Skip to main content

Optimizing Table Schema Design: Table Models, Bucketing Columns, Key Columns, and Field Type Tuning

Table schema design is a critical part of Doris performance tuning. It directly affects data distribution, query parallelism, and sorting efficiency.

An unreasonable schema design often causes the following issues:

  • Data skew, which prevents query parallelism from being fully utilized
  • Sort properties become ineffective, slowing down equality and range queries
  • Inappropriate field types, which raise computation overhead

For more detailed design principles, see the Table Design chapter. This chapter starts from real-world cases to show typical schema design issues and tuning recommendations.

Tuning Checklist

When designing or troubleshooting a table schema, check the following items in order:

  • Did you choose a table model that matches your business (Duplicate / Unique / Aggregate)?
  • Are the bucketing columns evenly hashed, with no skew from null or fixed values?
  • Are the columns frequently used in equality and range queries defined as Key columns?
  • Do field types follow the principle of "fixed-length first, low-precision first"?
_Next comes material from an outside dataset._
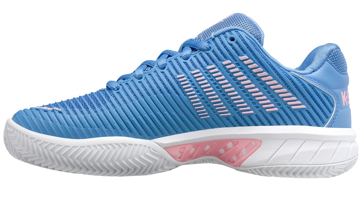 Женские теннисные кроссовки K-Swiss Hypercourt Express 2 HB Women - silver lake blue/white/orchid pink. Модель легкая и быстрая, а также предлагает большой комфорт игры. Холенище было сконструировано так, чтобы быть еще более эластичным. Одновременно обеспечивает соответствующую поддержку стопы. На сайте tennis-24.ru вы найдете эту модель, которая станет плавным переходом от предыдущей версии, поскольку обувь будет намного более комфортной, а также позволит чувствовать себя уверенно на корте. Подошва внешняя сочетает сцепление и долговечность, а также обеспечивает необыкновенную стабильность. Разработаны для амбициозных, агрессивно играющих спортсменок. Применены следующие технологии: DURAWRAP K-Swiss, AOSTA 7.0, SURGELITE, ORHOLITE.
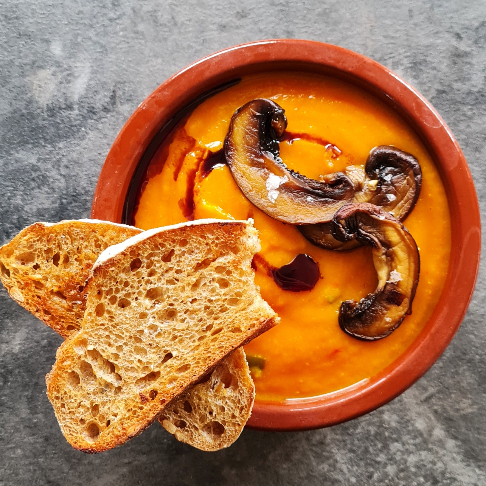 Sobald die Suppe gar ist, mit dem Zauberstab oder im Standmixer pürieren. Zurück in den Topf geben und bei Bedarf mit weiteren Flüssigkeit auf die gewünschte Konsistenz strecken. Mit Zitronensaft abschmecken und zum Servieren auf jeden Teller etwas Kürbiskernöl und gebratene Pilze geben.

Case 1: Table Model Selection

Doris provides three table models: Duplicate, Unique (MOR/MOW), and Aggregate. Their query performance and feature characteristics differ.

Comparison of the Three Table Models

Table ModelQuery PerformanceSupports UpdatesTypical Scenarios
DuplicateHighestNoHigh-performance queries on logs and detail data
Unique (MOW)HighYesPrimary-key deduplication with high query performance requirements
Unique (MOR)AverageYesPrimary-key deduplication with frequent writes
AggregateAverageAggregated updatePre-aggregated reports and metric rollups

Performance ranking: Duplicate > MOW > MOR ≈ Aggregate

Tuning recommendation

When the business has no data update requirements and demands high query performance, prefer the Duplicate table.

Case 2: Bucketing Column Selection

One-sentence definition: The bucketing column determines how data is distributed across buckets. A poor choice causes data skew, which becomes a query performance bottleneck.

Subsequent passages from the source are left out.